Across the river, past some stunted, half-hearted dunes and the silted-up entrance to a long-dry oxbow lake, the brush and scrub of the low prairie began. The few scattered bushes looked like an after-thought to the land: quick, light scribbles of brittle-dry vegetation, prone to fires that in the right wind could move so fast you were better turning to face their heat and running straight through, because you’d never outrun them.
The river was very low; just a trickle at the bottom of the crack-dried muds and in-flowed spills of sand like fanned ramps. High season. The rains would come in a third of a year from now, falling in the Bulkheads, which were so far off that even in the clearest weather you could strain your eyes for ever and you’d never see them, night or day, not this far down in the thick of air.
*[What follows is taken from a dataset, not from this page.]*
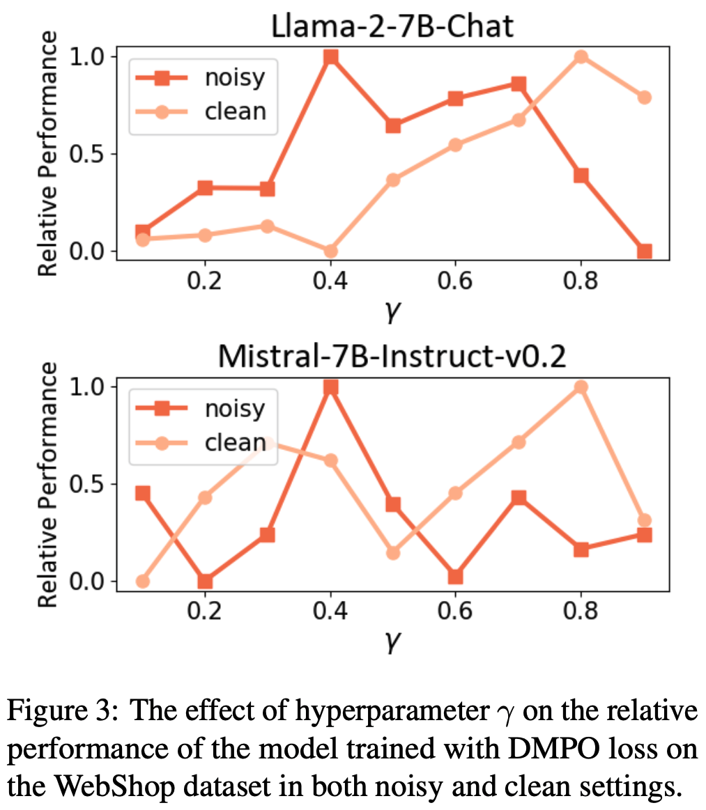 • 超参数分析 :为了验证公式(17)中重加权函数 \(\phi(t,T)\) 的影响,论文在 WebShop 上调整超参数 \(\gamma\),结果如图3 所示。论文发现,在噪声设置中,较小的 \(\gamma\) 能使两个基础模型达到最佳性能;而在干净设置中,较大的 \(\gamma\) 表现更优。根据公式(17),较小的 \(\gamma\) 意味着 DMPO 损失函数对后期步骤的状态-动作对赋予较低权重。这表明 DMPO 可以通过调整参数 \(\gamma\) 平衡噪声的影响。面对噪声“lose”轨迹时,选择较小的 \(\gamma\) 可以减轻噪声影响;而面对高质量“lose”轨迹时,选择较大的 \(\gamma\) 可以更好地从后期状态-动作对中学习策略

A few tens of days later after the rains started falling in the high lands of the Honn-Eynimorm Bulkhead Range, the river would swell, generally pushing a plugged mess of old leaves, scrawny twigs, gnarled branches, stripped tree trunks and the bleached hides and bones of dead animals before it, like a moving barricade of half-forgotten decrepitude and death.
She rode out across the Pouch, the bay of desert and patchy set-sand that lay between the river and the town on one side and the hills on the other. A pair of raptors wheeled high up, following her for half the morning, then found something else to watch, kilo-metres off anti-spinwards. She lost sight of them in the building heat of the cloudless day.